TASK TO CARRY OUT ▸
Leaving pictures aside, set down each line exactly, from the first line of the data to the line with "Clatronic KA 3642", both included.
==== PROVIDED DATA ====
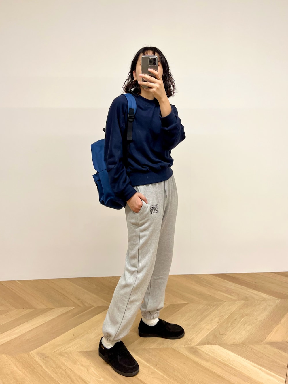 上下スウェットでも Elmarのコンパクト裏毛トレーナーなら すっきり見えてパジャマっぽくなりません◎
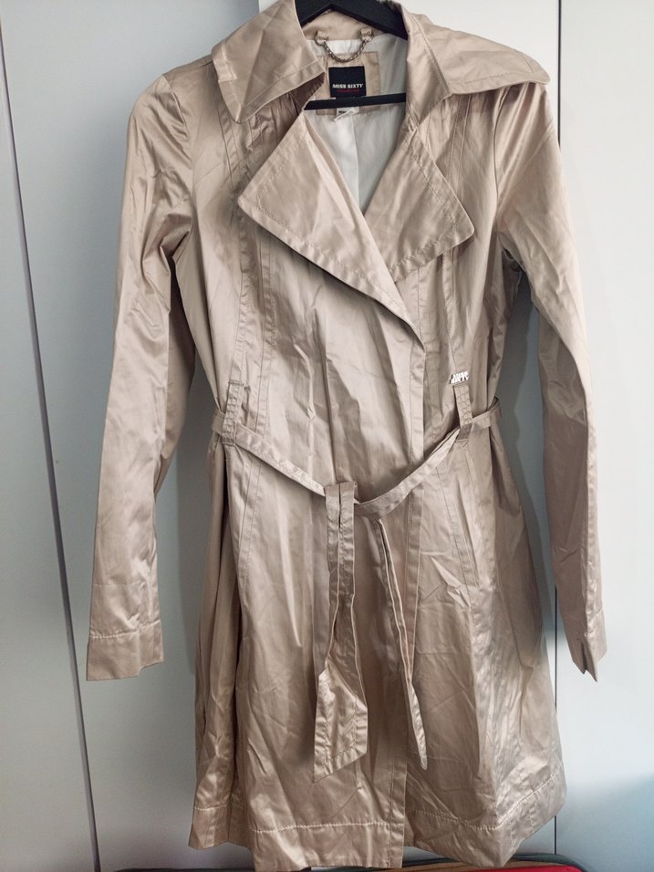 Bej renkli, kuşaklı ve normal boy midi trençkot. İpek gibi kumaştan, uzun kollu ve kesimi vücuda oturan bu model, desen içermeyen şık bir tasarıma sahiptir.
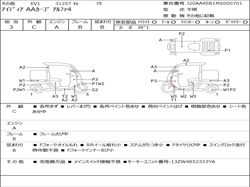 | Номер рамы / VIN | J20AA45B1MS000701 |
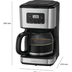 Clatronic KA 3642 Kaffeefiltermaschine Für 12-14 Tassen 1,5 L, Programmierbare 24-Stunden LCD-Digital-Zeitschaltuhr, Edelstahlfront
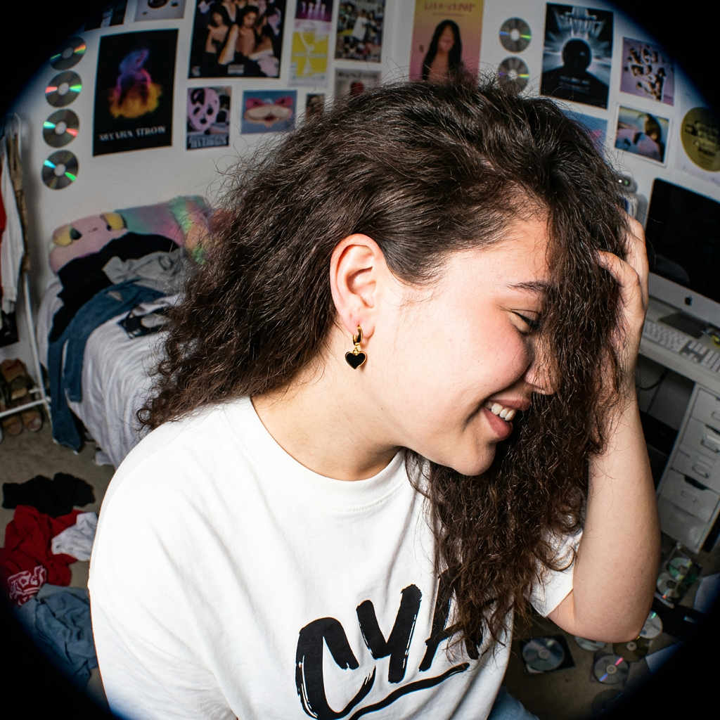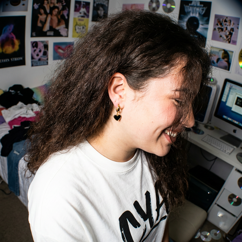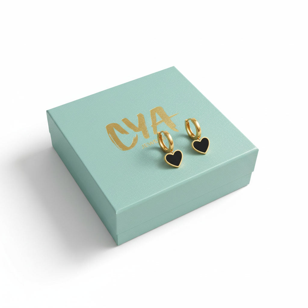 עגילי חישוק קטנים ועבים עם צ׳ארמ לב שחור עטוף זהב
====
EXERCISE OUTPUT ▸
 上下スウェットでも Elmarのコンパクト裏毛トレーナーなら すっきり見えてパジャマっぽくなりません◎
 Bej renkli, kuşaklı ve normal boy midi trençkot. İpek gibi kumaştan, uzun kollu ve kesimi vücuda oturan bu model, desen içermeyen şık bir tasarıma sahiptir.
 | Номер рамы / VIN | J20AA45B1MS000701 |
 Clatronic KA 3642 Kaffeefiltermaschine Für 12-14 Tassen 1,5 L, Programmierbare 24-Stunden LCD-Digital-Zeitschaltuhr, Edelstahlfront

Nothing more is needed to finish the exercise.